Like me, he was going to Ireland on a golfing trip, to play such famous links courses as Ballybunion, Lahinch and Waterville. He was wearing a sweater from Spyglass in California, and our conversation established that he was a scratch golfer who had played in USGA Mid-Amateur championships.

“What’s your number?” he asked, inquiring about my handicap.

“Nineteen,” I answered, meaning that on a good day I might creep into the high 80s, and typically I’m somewhere in the 90s, if things don’t get worse, and they can.

He didn’t respond, just gave a look that said “OK. Well, now. Good luck with that.”

A few hours later, on the third hole at Lahinch Golf Links, a course in southwest Ireland on the shore of Liscannor Bay of the Atlantic Ocean that traces its original design to Old Tom Morris in 1894 and that was updated by Alister MacKenzie in the 1920s and again by Martin Hawtree in this century, I saw what he meant.

I’d hit my drive into deep rough on the side of a steep dune. You know that golf shot where you have to hit a ball that’s chest-high as you stand below it in shin-high dune grass?

I don’t have that shot.

And so it went in the early rounds in Ireland. On the second day, on the par-5 fourth hole at Ballybunion Golf Links, I met a longtime club member, the distinguished Mr. Brendan O’Neill. This was because my drive had faded high and right in a steady wind, the ball flying out of bounds, over the narrow roadway — in Ireland, most every roadway is narrow — and landing on the roof of Mr. O’Neill’s car.

While it was parked in his driveway. While he was standing beside it.

We had a very cordial conversation, which consisted of me apologizing and Mr. O’Neill urging me to not let it ruin my round. We parted company, and I was about to play another shot when he called me back.

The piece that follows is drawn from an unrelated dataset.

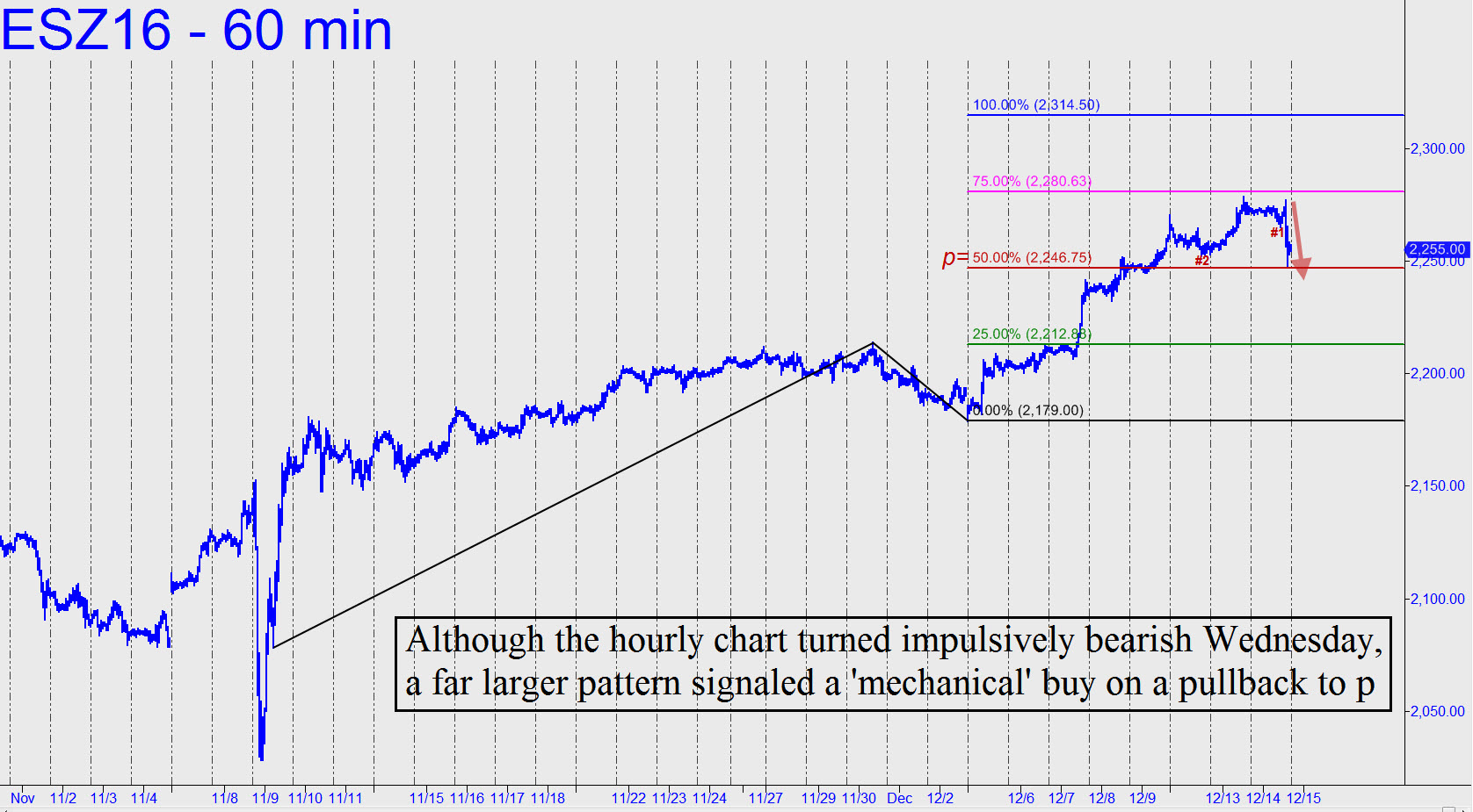 There is a corresponding target at 2299.00 for the December contract, in which we hold a single-contract tracking position that is showing a theoretical gain of about $8000 after adjusting for partial profits taken on the way up. But even if the December futures stall and reverse from 2299.00, the March contract would at that time be trading a decisive 25 points above its 2270.00 target. This would have quite bullish implications into year’s end, at least. Traders should use the pattern shown to exploit any further strength Tuesday night or Wednesday. It shows a minor rally target at 2283.75 that can be exploited with a ‘mechanical’ entry at either the red or green line. If you’re unsure about how this tactic works, stay tuned to the chat room, since quite a few subscribers have been actively trading the E-Minis. As always, an easy push past clear Hidden Pivot resistance should be taken as a sign that the trend will continue at least to the next — in this case to at least 2309.50 (30-minute chart, A= 2075.25 on 11/9; B= 2208.25 on 11/30; and C= 2174.25 on 12/4). That number too has the potential to mark an important top, but bears shouldn’t count on it too heavily, given that the bull market has been chugging along since 2009. If you do plan on shorting there, I’d suggest cushioning the stop-loss with profits made by being long on the way to it. _______ UPDATE (Dec 14, 6:05 p.m. ET): Bears can breathe a mild sigh of relief, since the futures fell to a so-far low of 2243.00 after having gone no higher than 2273.00 (see above). Before you break out the bubbly, though, I’d suggest reacquainting yourself with the hourly chart shown (inset), since it allows for a projection in the days ahead to as high as 2309.50. Your trading bias should be neutral at the moment, since there are some wicked crosscurrents in evidence. Although the selling turned the hourly charrrrrt impulsively bearish, the bigger picture remains bullish and calls for a ‘mechanical’ buy at 2241.75, stop 2219.00. I’ll suggest this trade only for subscribers who made enough on the way up to cover the $1100-per-contract entry risk. (For the record, the tracking position we held in the December futures was stopped out at 2264.75 shortly after 2:00 p.m.. The theoretical profit on the trade was $8875 before commissions.) ________ UPDATE (Dec 15, 9;46 a.m.): Cancel the ‘mechanical’ trade for now, since my gut is telling me there will be a better entry opportunity next week. _______ UPDATE (Dec 15, 7:40 p.m.): The futures rallied after going no lower than the midpoint Hidden Pivot support of the minor downtrend from Wednesday’s top. Coming from where it did, the bounce is incipiently bullish but would become significantly moreso if the week ends with a close above 2273.00. That would put the target at 2309.50 well in play as next week begins.

 And returned my golf ball.

Which was a good thing, because the next day, at Tralee Golf Links, a course designed by Arnold Palmer, bordering the ocean, with spectacular views and deep rough, I lost eight golf balls, five on the front nine. Well, two weren’t exactly lost, in that I knew where they were, and that was out in the water. Fortunately between the ninth and 10th holes we passed the parking lot, where I made a quick stop at our van to get two more sleeves of golf balls.

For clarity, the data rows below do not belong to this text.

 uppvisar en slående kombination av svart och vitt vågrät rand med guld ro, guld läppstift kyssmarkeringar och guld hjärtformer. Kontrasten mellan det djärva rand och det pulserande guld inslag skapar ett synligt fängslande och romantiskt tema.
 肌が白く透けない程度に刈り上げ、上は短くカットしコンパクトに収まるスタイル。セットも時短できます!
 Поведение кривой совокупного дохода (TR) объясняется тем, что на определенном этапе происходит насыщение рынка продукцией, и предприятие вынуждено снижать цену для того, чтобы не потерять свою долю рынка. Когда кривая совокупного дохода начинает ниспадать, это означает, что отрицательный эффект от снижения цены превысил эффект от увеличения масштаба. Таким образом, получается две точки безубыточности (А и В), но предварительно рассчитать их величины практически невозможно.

(I’d packed many golf balls; one member of our group bought a sleeve of three Titleists in Ireland that, translating Euros to dollars, amounted to $6 per ball.)

So what did I think about my golf adventure in Ireland?

I’m a golfer, however lousy. I loved it.

Bucket-list courses

At the invitation of Tourism Ireland, nation’s marketing wing, I played six courses in southwest Ireland last month with three other members of the Pacific Northwest golf media.

Joining me were Blaine Newnham, the former sports editor and columnist of The Eugene Register-Guard and the retired longtime columnist for the Seattle Times; Tom Cade, senior director of communications for the Pacific Northwest Golf Association and editor of Pacific Northwest Golfer magazine; and Rob Perry, of Bellevue, Wash., a professional golf photographer. We were two low-handicappers (Cade is a 2, Perry 3.6) and two not-low handicappers (Newnham’s an 18).

We played Lahinch, Ballybunion and Tralee, then went on to Waterville Golf Links, Old Head Golf Links and Trump International Golf Links Doonbeg.

Green fees ranged from $156 at Trump/Doonbeg to $250 at Old Head. In between were Lahinch and Waterville at just under $170, and Ballybunion and Tralee at $200.

There are a myriad of course rankings, but one top 100 ranking of courses in the United Kingdom placed Ballybunion eighth, Lahinch 12th, Waterville 19th, Tralee 46th, Trump/Doonbeg 63rd and Old Head 67th.

“We’re all part of a family,” said Jay Connolly, a decorated Vietnam veteran who made his fortune on Wall Street and is a partner in Waterville.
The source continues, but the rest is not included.